[Data excerpts]
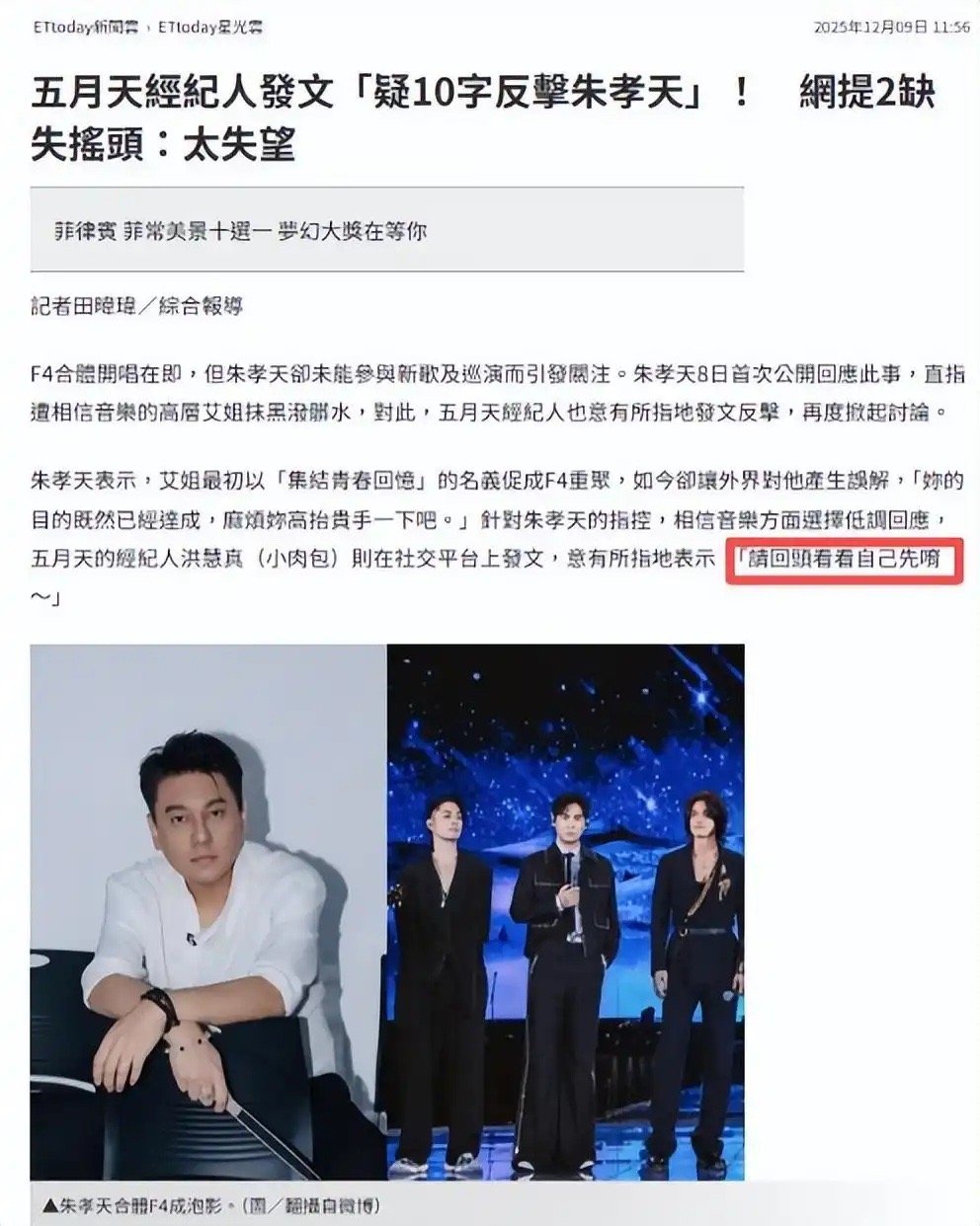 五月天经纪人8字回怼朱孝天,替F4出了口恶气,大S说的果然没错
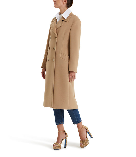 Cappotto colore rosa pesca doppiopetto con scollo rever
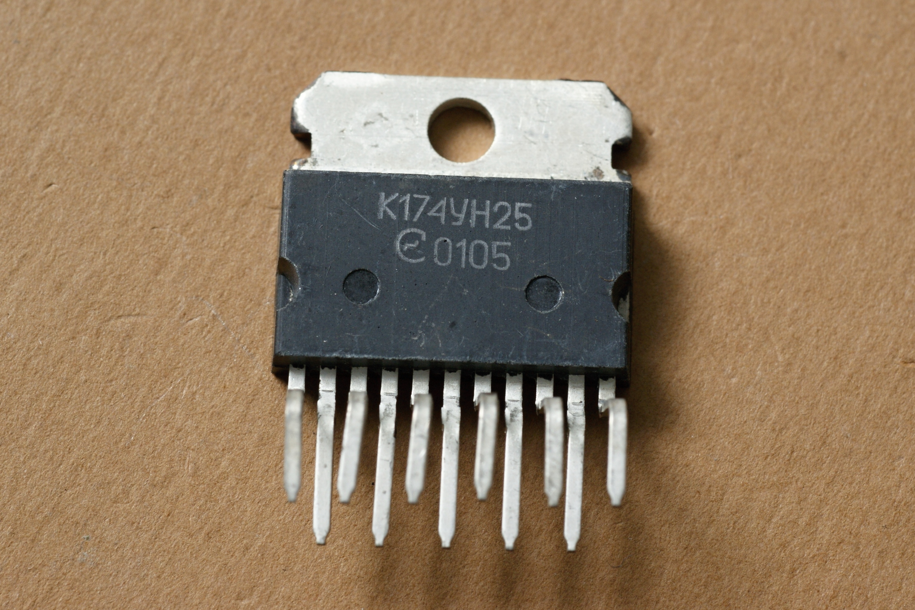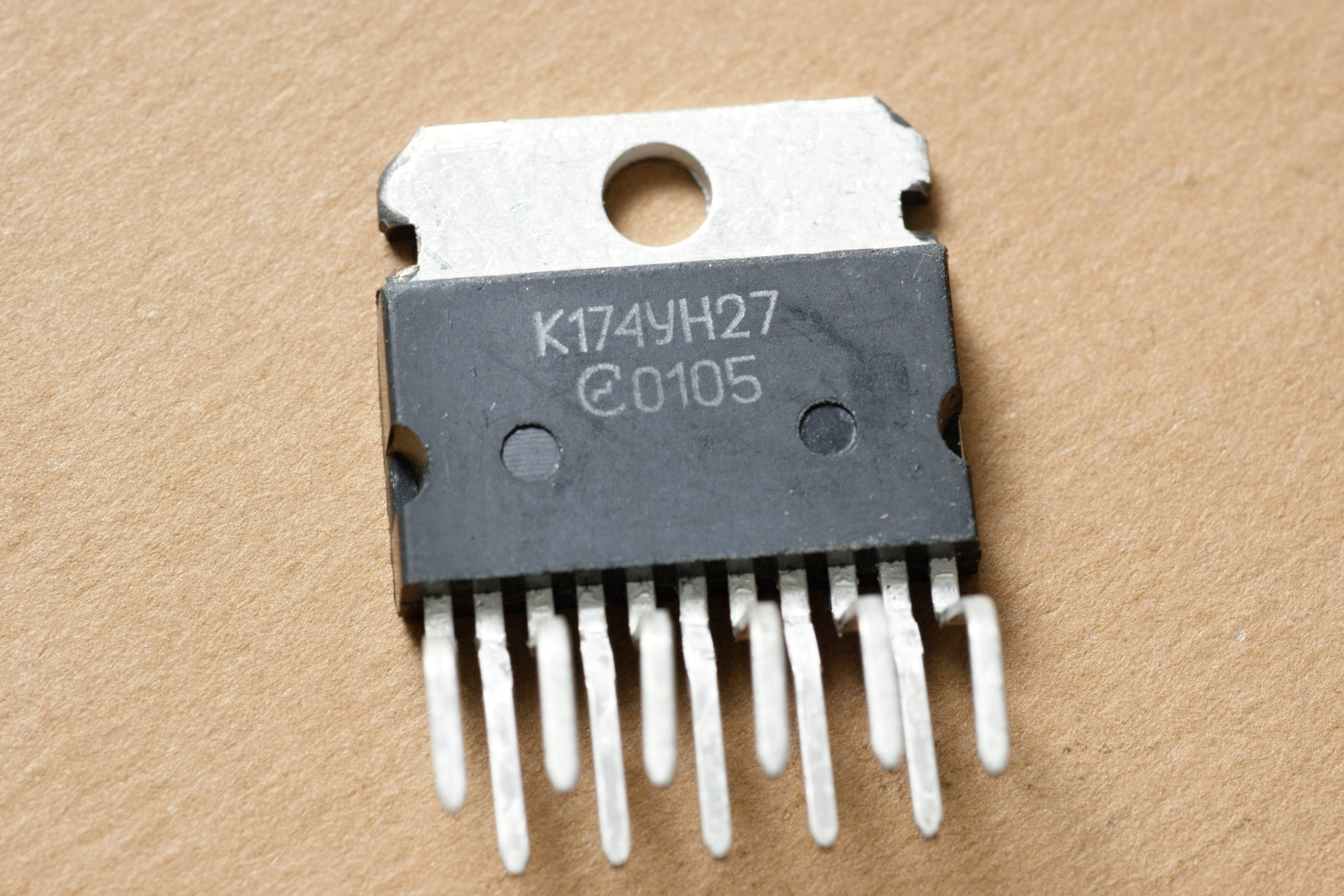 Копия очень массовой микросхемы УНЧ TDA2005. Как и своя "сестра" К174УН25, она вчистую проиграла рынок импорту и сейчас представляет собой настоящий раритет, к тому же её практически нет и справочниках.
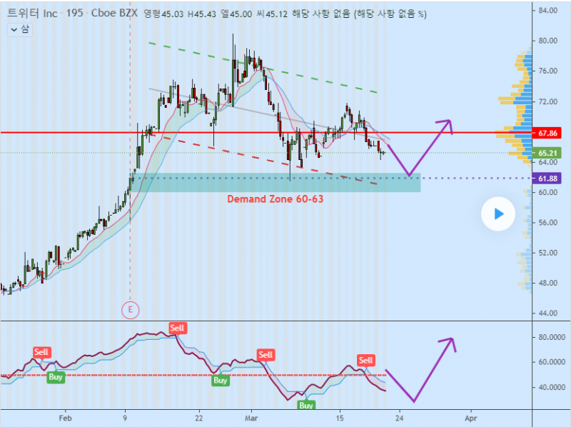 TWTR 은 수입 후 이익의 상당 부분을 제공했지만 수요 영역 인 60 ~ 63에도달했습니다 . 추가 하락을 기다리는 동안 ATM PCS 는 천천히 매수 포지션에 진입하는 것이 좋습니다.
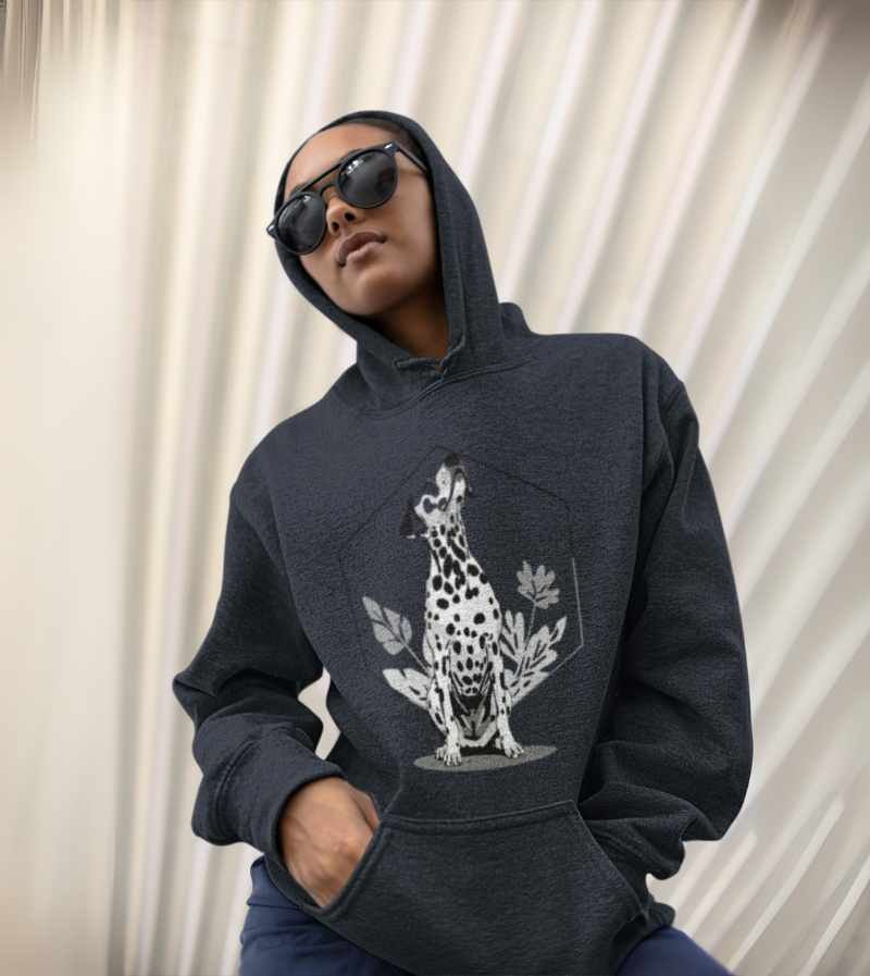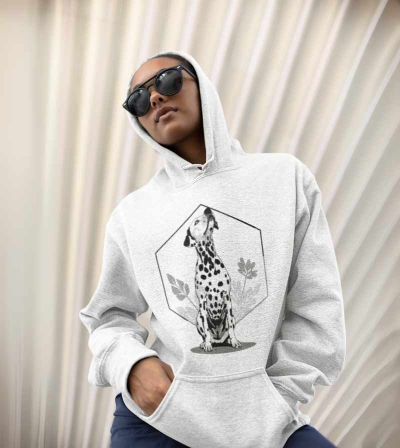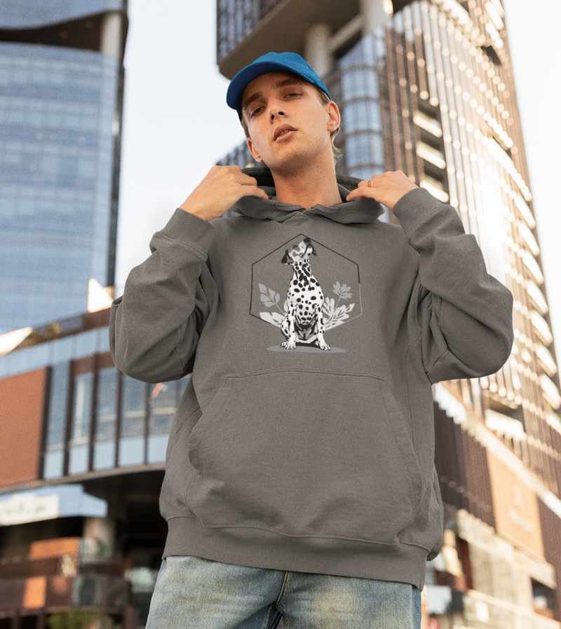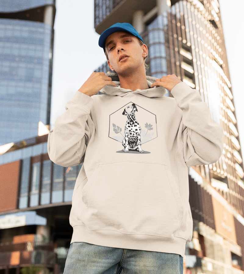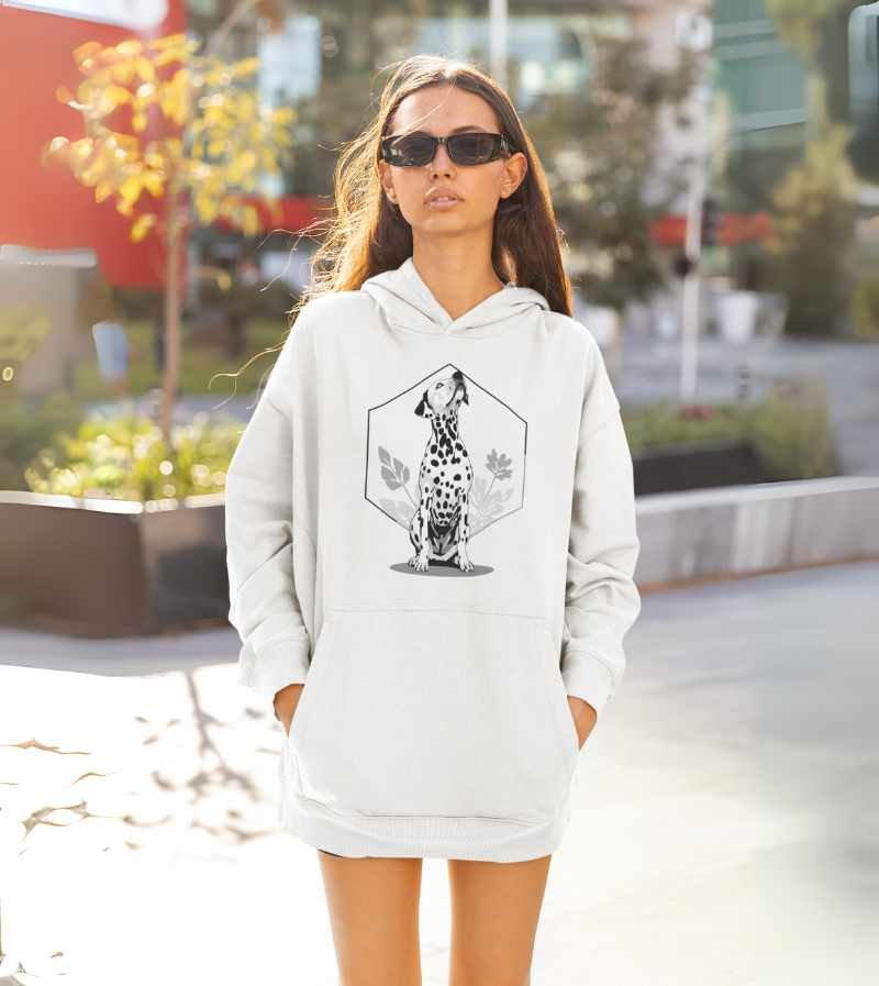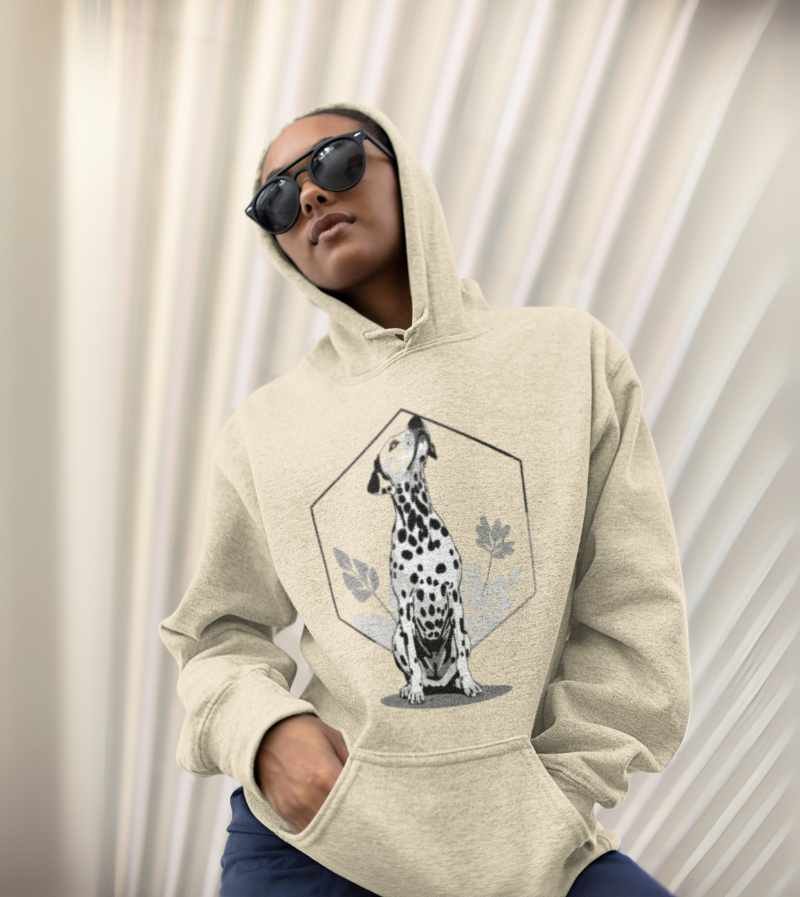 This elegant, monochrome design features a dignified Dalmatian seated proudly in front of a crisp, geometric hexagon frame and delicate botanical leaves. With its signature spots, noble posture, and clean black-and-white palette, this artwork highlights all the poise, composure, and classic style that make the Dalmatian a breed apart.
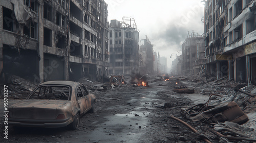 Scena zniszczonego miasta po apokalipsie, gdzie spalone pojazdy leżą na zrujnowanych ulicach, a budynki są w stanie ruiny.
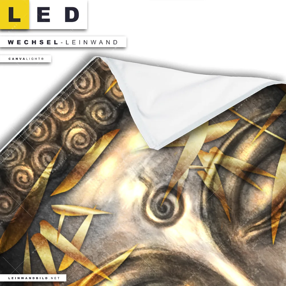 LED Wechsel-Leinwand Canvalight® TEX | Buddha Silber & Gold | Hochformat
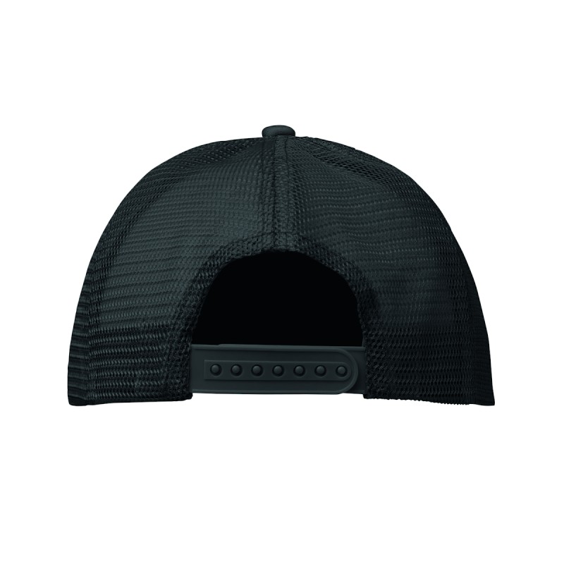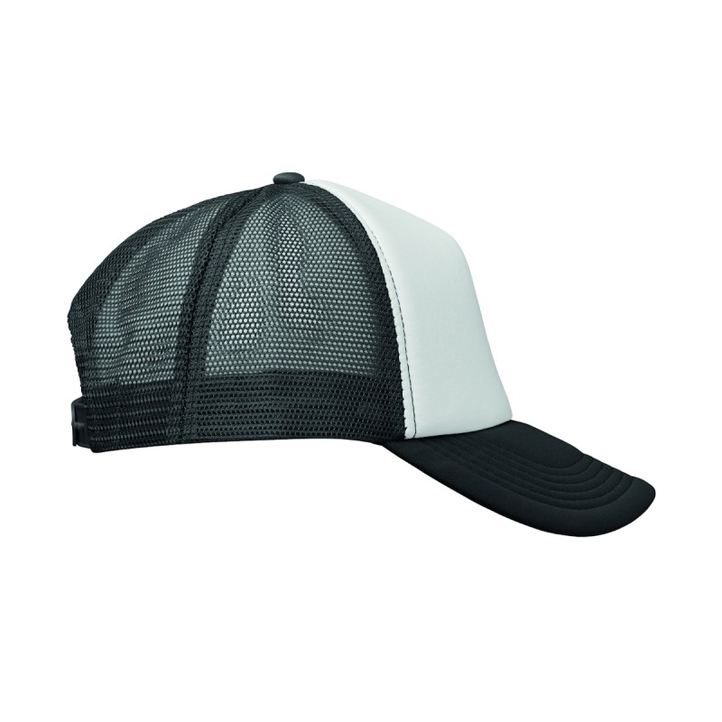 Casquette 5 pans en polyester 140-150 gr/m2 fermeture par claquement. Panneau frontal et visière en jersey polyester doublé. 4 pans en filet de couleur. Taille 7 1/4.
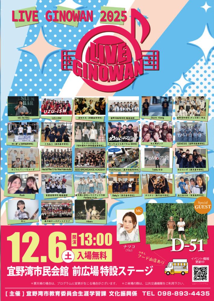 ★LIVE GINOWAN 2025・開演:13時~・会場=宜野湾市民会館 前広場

**Assignment**
When you reach a picture in the records above, pass over it and transcribe the rest exactly.

**Task answer**
 五月天经纪人8字回怼朱孝天,替F4出了口恶气,大S说的果然没错
 Cappotto colore rosa pesca doppiopetto con scollo rever
 Копия очень массовой микросхемы УНЧ TDA2005. Как и своя "сестра" К174УН25, она вчистую проиграла рынок импорту и сейчас представляет собой настоящий раритет, к тому же её практически нет и справочниках.
 TWTR 은 수입 후 이익의 상당 부분을 제공했지만 수요 영역 인 60 ~ 63에도달했습니다 . 추가 하락을 기다리는 동안 ATM PCS 는 천천히 매수 포지션에 진입하는 것이 좋습니다.
 This elegant, monochrome design features a dignified Dalmatian seated proudly in front of a crisp, geometric hexagon frame and delicate botanical leaves. With its signature spots, noble posture, and clean black-and-white palette, this artwork highlights all the poise, composure, and classic style that make the Dalmatian a breed apart.
 Scena zniszczonego miasta po apokalipsie, gdzie spalone pojazdy leżą na zrujnowanych ulicach, a budynki są w stanie ruiny.
 LED Wechsel-Leinwand Canvalight® TEX | Buddha Silber & Gold | Hochformat
 Casquette 5 pans en polyester 140-150 gr/m2 fermeture par claquement. Panneau frontal et visière en jersey polyester doublé. 4 pans en filet de couleur. Taille 7 1/4.
 ★LIVE GINOWAN 2025・開演:13時~・会場=宜野湾市民会館 前広場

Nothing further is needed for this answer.